How does Mark Antony manage to achieve success by the end of the play?  

Expert Answers
katemschultz eNotes educator| Certified Educator

Antony achieves success but Shakespeare hints that this success may be short lived (as it was in real life--Octavius and Antony only joined forces to defeat Cassius and Brutus; when that was over, Antony fled to Egypt where he stayed with Cleopatra and got his own play written about him.)

In Julius Caesar, it seems that Antony is set on avenging Caesar death--his funeral speeches in Act Three, scene two seem to point towards that.  However, at the beginning of Act Four, Antony is making a hit list with Octavius and Lepidus and wants to find a way to deny the commoners the money Caesar had left them in his will.  Antony also speaks badly about Lepidus when he leave to do an errand for Antony.  It seems as though Antony's motives are less noble, and are now more about power and success.

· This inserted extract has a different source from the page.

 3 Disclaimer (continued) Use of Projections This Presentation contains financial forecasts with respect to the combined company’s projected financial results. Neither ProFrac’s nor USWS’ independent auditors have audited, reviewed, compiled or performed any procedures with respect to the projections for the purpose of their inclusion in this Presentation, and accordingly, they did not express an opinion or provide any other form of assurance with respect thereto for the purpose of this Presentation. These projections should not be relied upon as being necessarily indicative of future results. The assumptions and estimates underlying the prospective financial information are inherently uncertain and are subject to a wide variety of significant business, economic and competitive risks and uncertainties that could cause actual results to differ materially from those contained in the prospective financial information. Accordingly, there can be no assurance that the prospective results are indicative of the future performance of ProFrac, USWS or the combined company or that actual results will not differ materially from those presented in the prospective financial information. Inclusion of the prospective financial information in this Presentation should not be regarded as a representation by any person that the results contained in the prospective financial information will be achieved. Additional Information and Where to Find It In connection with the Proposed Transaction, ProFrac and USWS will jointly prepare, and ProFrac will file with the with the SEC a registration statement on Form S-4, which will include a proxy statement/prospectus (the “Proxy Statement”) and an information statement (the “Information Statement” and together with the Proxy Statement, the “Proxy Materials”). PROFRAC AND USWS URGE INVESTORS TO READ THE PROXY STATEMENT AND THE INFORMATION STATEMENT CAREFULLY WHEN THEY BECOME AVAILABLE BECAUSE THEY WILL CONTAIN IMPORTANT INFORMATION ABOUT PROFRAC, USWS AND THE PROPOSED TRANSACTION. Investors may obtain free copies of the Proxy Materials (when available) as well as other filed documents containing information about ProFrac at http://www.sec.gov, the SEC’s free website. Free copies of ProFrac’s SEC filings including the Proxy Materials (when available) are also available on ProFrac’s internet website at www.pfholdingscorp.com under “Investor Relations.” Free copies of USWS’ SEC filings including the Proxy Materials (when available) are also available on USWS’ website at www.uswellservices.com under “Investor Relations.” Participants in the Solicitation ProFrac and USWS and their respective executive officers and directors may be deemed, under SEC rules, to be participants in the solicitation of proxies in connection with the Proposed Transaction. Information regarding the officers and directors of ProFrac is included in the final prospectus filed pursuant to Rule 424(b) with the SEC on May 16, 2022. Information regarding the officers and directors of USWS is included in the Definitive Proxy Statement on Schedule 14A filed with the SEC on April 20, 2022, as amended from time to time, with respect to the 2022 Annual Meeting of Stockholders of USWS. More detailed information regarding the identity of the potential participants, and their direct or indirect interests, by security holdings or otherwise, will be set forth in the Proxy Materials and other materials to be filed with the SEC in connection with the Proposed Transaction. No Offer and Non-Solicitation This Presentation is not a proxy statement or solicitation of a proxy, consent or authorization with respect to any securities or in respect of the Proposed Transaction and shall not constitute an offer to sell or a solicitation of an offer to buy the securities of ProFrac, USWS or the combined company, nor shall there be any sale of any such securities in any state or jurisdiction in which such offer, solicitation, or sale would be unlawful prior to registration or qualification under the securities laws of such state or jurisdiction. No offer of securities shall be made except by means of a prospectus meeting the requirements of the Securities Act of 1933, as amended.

In Act Five, especially at the beginning, Octavius is beginning to challenge Antony.  Octavius is also being called "Caesar"--a sign that he is coming into more power, and perhaps, taking over what Antony thought was his.  At the end of the play, it is Octavius who decides what is to be done with Brutus.

Though it seems that Antony has succeeded in avenging Caesar's death (buy securing the deaths of those who plotted to kill him), Antony didn't achieve as much success as perhaps he was hoping to.